Presented By
O’Reilly + Cloudera
Make Data Work
March 25-28, 2019
San Francisco, CA
Please log in

The next step in the evolution of data science with RAPIDS

3:50pm4:30pm Thursday, March 28, 2019
Average rating: ****.
(4.00, 2 ratings)

Who is this presentation for?

  • Data scientists, machine learning engineers, and developers

Level

Intermediate

Prerequisite knowledge

  • A basic understanding of Python and distributed computation (e.g., PySpark)

What you'll learn

  • Explore methods and APIs to migrate traditional machine learning workflows from CPU to GPU environments
  • Learn how to migrate CPU workflows to the GPU and create GPU-accelerated graph representations and analytics
  • Understand use cases for GPU-accelerated ML and graph applications

Description

GPUs and GPU platforms have been responsible for the dramatic advancement of deep learning and other neural net methods in the past several years. At the same time, traditional machine learning workloads, which comprise the majority of business use cases, continue to be written in Python with heavy reliance on a combination of single-threaded tools (e.g., pandas and scikit-learn) or large, multi-CPU distributed solutions (e.g., Spark and PySpark).

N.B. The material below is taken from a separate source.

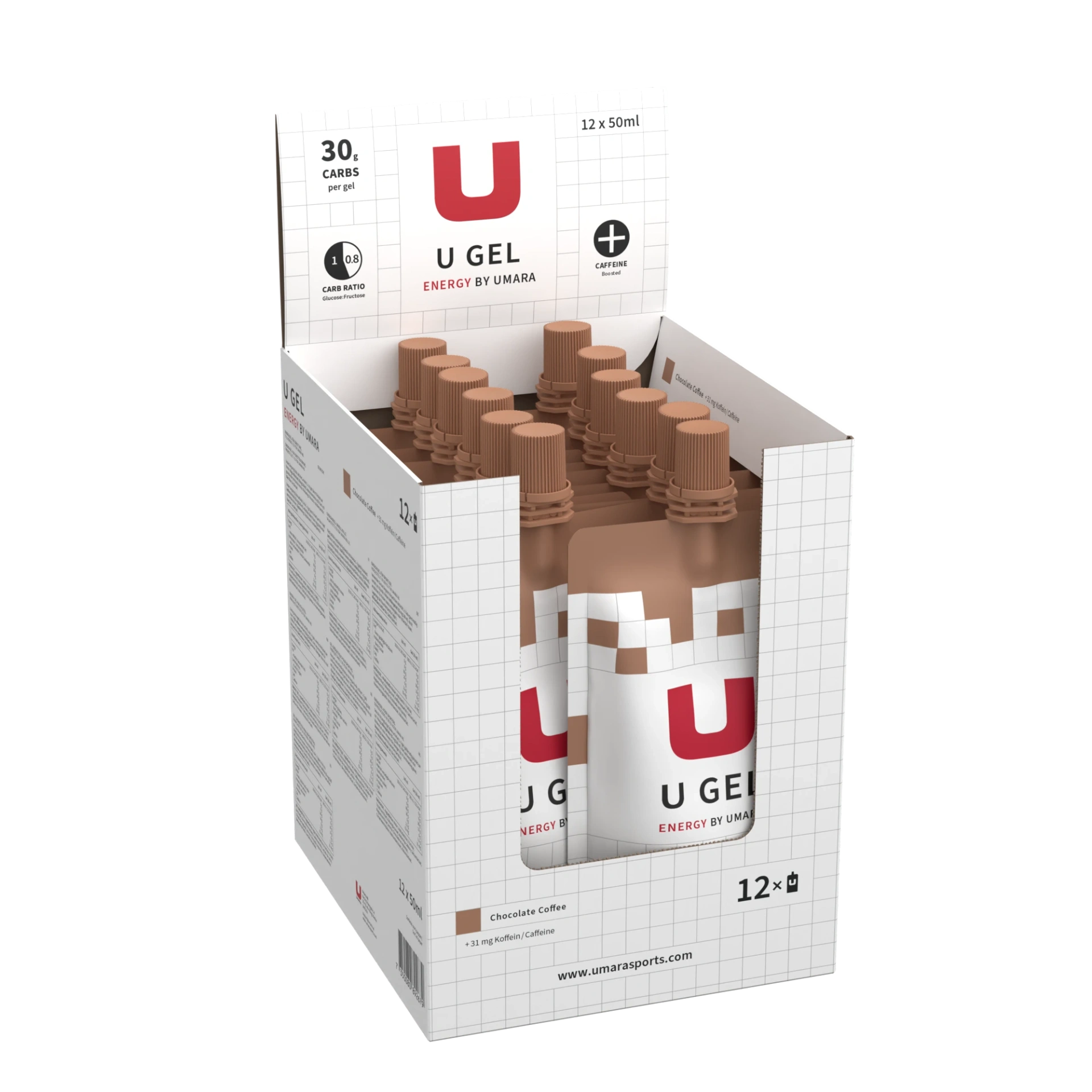 UMARA U GEL 30g Kolhydrater Skruvkork 12-pack - Choklad / Kaffe + Koffein

RAPIDS is the next big step in data science, combining the ease of use of common APIs and the power and scalability of GPUs. Bartley Richardson and Joshua Patterson offer an overview of RAPIDS and and explore cuDF, cuGraph, and cuML—a trio of RAPIDS tools that enable data scientists to work with data in a familiar interface and apply graph analytics and traditional machine learning techniques.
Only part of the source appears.